OPINION FILED APRIL 15, 1980.

IN RE CUSTODY OF HOLLY IVERSON. — (JAMES IVERSON, PETITIONER-APPELLANT,

v.

KATHERINE IVERSON, RESPONDENT-APPELLEE.)



APPEAL from the Circuit Court of Cook County; the Hon. MONICA D. REYNOLDS, Judge, presiding.

MR. JUSTICE DOWNING DELIVERED THE OPINION OF THE COURT:

Petitioner James Iverson brought this cause to acquire exclusive custody of his minor daughter, Holly, from his former wife, respondent Katherine (Iverson) Hall. The trial court, after protracted hearings, ordered James to transfer physical custody of Holly to Katherine. James appeals and presents the following issues for review: (1) whether the trial court erred when it applied section 610 of the Illinois Marriage and Dissolution of Marriage Act (Ill. Rev. Stat. 1979, ch. 40, par. 610); (2) whether the trial court erred when it required a showing of a material change in circumstances; and (3) whether the ruling of the trial court was contrary to the manifest weight of the evidence.

The parties to this cause were married in Ogden, Utah, on September 14, 1968. As a result of that marriage they had two children: Tamera, born on September 26, 1969, and Holly, born on May 11, 1975.

In April of 1978, apparently by agreement, Katherine left the marital home. The two children stayed with their father and continued their school attendance. On April 17, 1978, the Circuit Court of Lake County, Illinois, in default of James' appearance, entered a judgment for dissolution of the Iverson marriage. That judgment incorporated, inter alia, the following oral agreement between the parties:

"That [Katherine] and [James] shall have joint care, custody, control and education of the minor children, namely Holly * * * and Tamera * * *. That Holly shall reside with [Katherine] and Tamera shall reside with [James]. That the [parties] shall each have reasonable visitation with reference to the other child. That neither [party] shall be responsible to pay child support to the other."

The record indicates the judgment court conducted no inquiry regarding the children's best interest.

For the next 60 days, until June 18, 1978, the two girls continued to live with their father. The routine of each school day required James to take Holly to nursery school between 5:30 and 6 a.m. Katherine would arrive at the marital house during this time to prepare the other daughter for school.

In June of 1978, the two children finished the school term and then went to Utah to visit with their maternal grandmother. Katherine joined them during the last three weeks of August. The children then returned to Cook County and on Labor Day they were returned to their father's residence to begin the new school term.

Around the third or fourth day of October, the children visited Katherine.
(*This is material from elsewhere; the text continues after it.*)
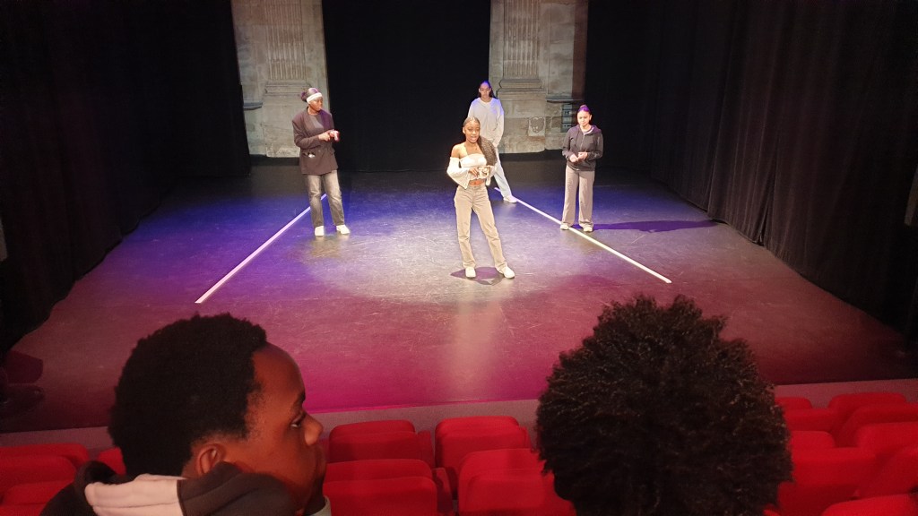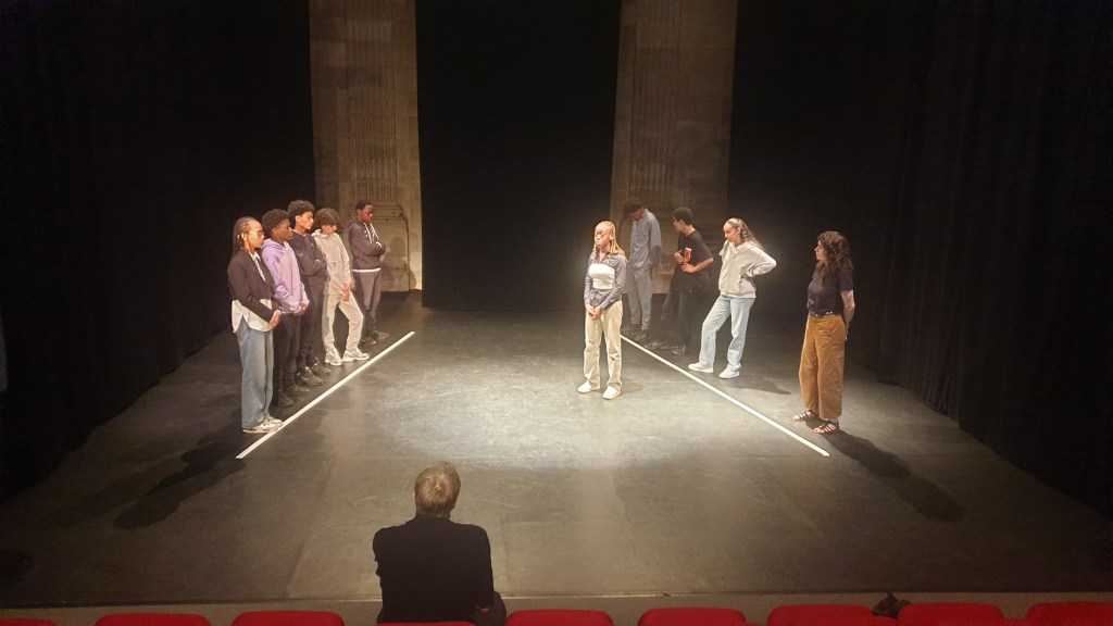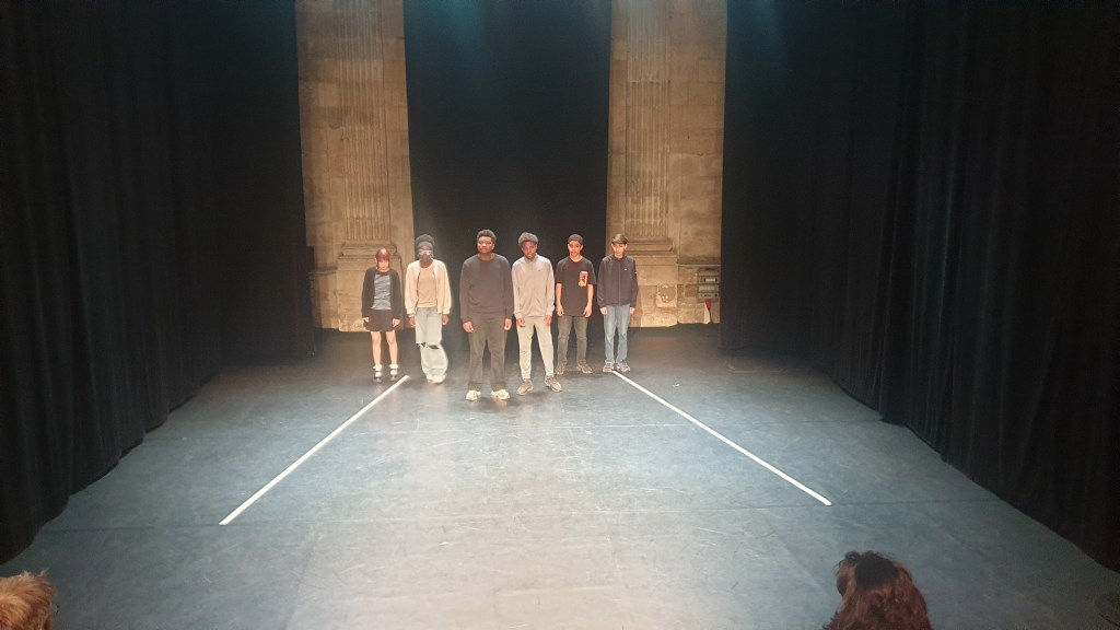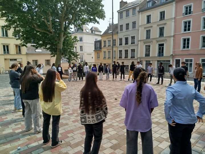 Ce mardi matin, les élèves descendent en bus avec Mme Jereczek, Mme Thomas-Noël et Sarah jusqu’au petit théâtre de la place de la Rougemare, non loin du lycée Corneille. une fois les élèves réunis. Les élèves commencent par faire une répétition pour voir dans quel ordre ils allaient passer et comment ils devaient se placer sur scène.

She informed James that she would retain the children. She kept them for the next three months. James apparently did not ask for their return. During this time he was to be remodeling the marital house which was due to be sold pursuant to the dissolution of marriage judgment.

On January 19, 1979, James took the children for a weekly visitation. Two days later he telephoned Katherine to inform her that he would not return them. She protested and retook Holly for a short time before returning the child to James' residence. Apparently the child was upset at her parents' behavior and Katherine, recognizing Holly's need to be with her sister, relinquished custody of the child. The children were re-enrolled in their old schools.

Holly visited Katherine during the weekend of March 9. During the course of her stay she became ill. Katherine testified that she decided to retain custody of Holly because she was concerned for the child's health. She informed James of her decision on March 12.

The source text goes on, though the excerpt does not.